[Provided material Boundary: Start]

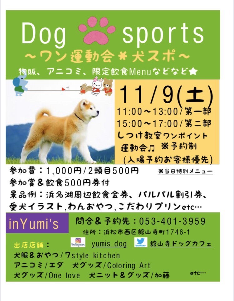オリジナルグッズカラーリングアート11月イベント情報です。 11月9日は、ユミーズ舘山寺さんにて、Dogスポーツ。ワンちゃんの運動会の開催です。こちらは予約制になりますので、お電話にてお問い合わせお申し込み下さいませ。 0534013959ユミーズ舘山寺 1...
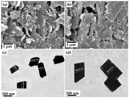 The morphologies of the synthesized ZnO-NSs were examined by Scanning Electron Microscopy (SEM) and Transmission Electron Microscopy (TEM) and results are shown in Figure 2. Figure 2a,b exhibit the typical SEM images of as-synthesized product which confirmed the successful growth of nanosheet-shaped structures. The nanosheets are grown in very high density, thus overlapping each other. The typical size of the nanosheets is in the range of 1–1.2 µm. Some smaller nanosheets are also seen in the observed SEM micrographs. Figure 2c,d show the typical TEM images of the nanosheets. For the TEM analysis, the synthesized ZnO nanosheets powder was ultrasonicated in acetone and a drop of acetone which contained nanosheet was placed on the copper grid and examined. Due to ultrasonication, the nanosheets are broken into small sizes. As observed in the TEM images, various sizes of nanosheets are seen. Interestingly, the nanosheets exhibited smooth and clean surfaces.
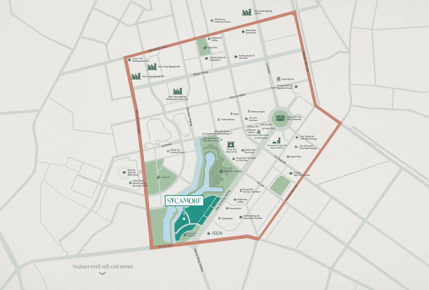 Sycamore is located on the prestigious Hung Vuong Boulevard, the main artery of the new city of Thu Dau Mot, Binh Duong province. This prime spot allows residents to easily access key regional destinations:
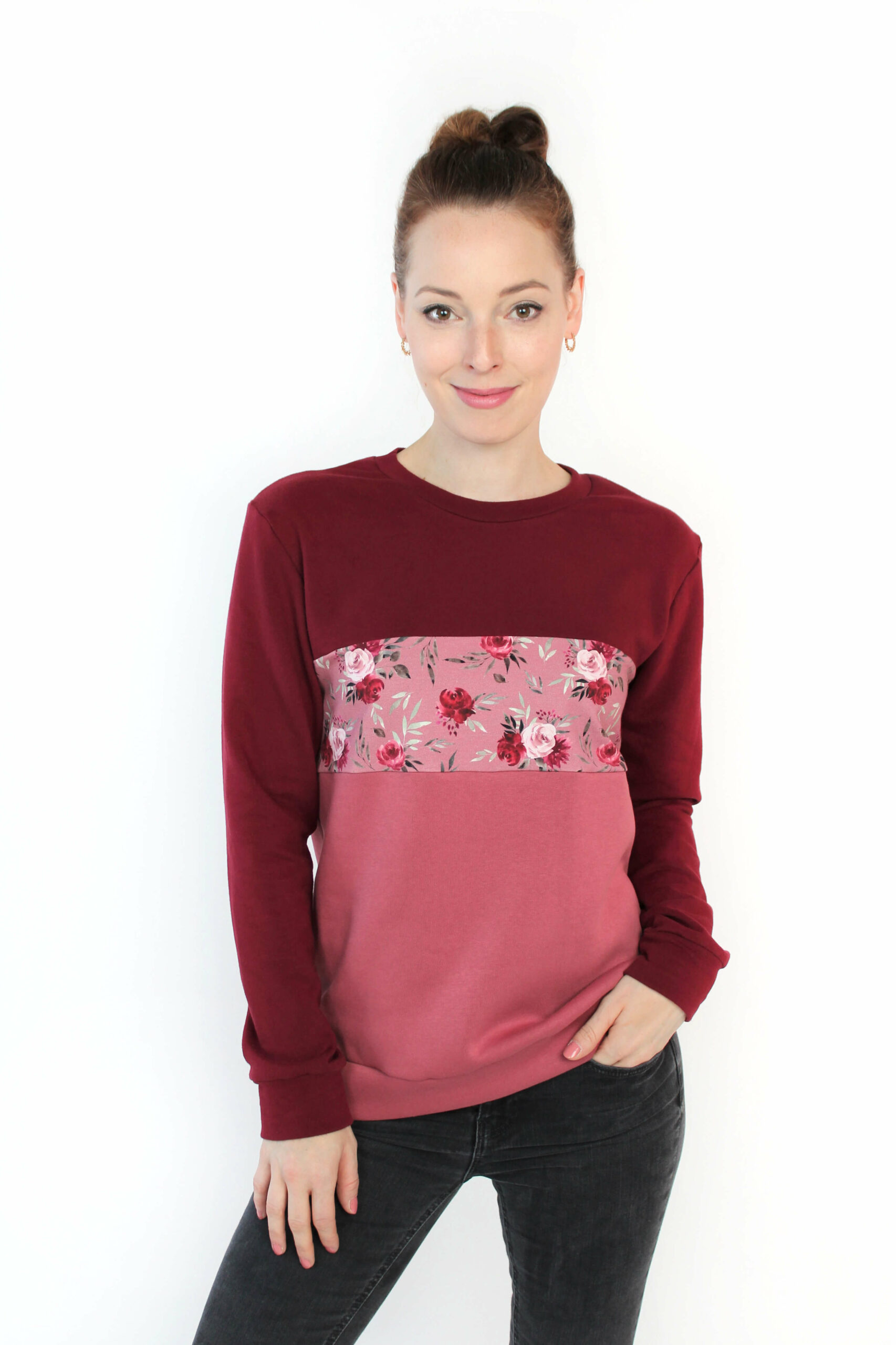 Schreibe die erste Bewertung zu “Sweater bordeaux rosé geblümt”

[Provided material Boundary: End]

■ Assigned task: Would you copy, exactly, each line from the start of the listing above through the line with "The morphologies of", both ends included, but none of the pictures?

■ Answer to the exercise:
オリジナルグッズカラーリングアート11月イベント情報です。 11月9日は、ユミーズ舘山寺さんにて、Dogスポーツ。ワンちゃんの運動会の開催です。こちらは予約制になりますので、お電話にてお問い合わせお申し込み下さいませ。 0534013959ユミーズ舘山寺 1...
 The morphologies of the synthesized ZnO-NSs were examined by Scanning Electron Microscopy (SEM) and Transmission Electron Microscopy (TEM) and results are shown in Figure 2. Figure 2a,b exhibit the typical SEM images of as-synthesized product which confirmed the successful growth of nanosheet-shaped structures. The nanosheets are grown in very high density, thus overlapping each other. The typical size of the nanosheets is in the range of 1–1.2 µm. Some smaller nanosheets are also seen in the observed SEM micrographs. Figure 2c,d show the typical TEM images of the nanosheets. For the TEM analysis, the synthesized ZnO nanosheets powder was ultrasonicated in acetone and a drop of acetone which contained nanosheet was placed on the copper grid and examined. Due to ultrasonication, the nanosheets are broken into small sizes. As observed in the TEM images, various sizes of nanosheets are seen. Interestingly, the nanosheets exhibited smooth and clean surfaces.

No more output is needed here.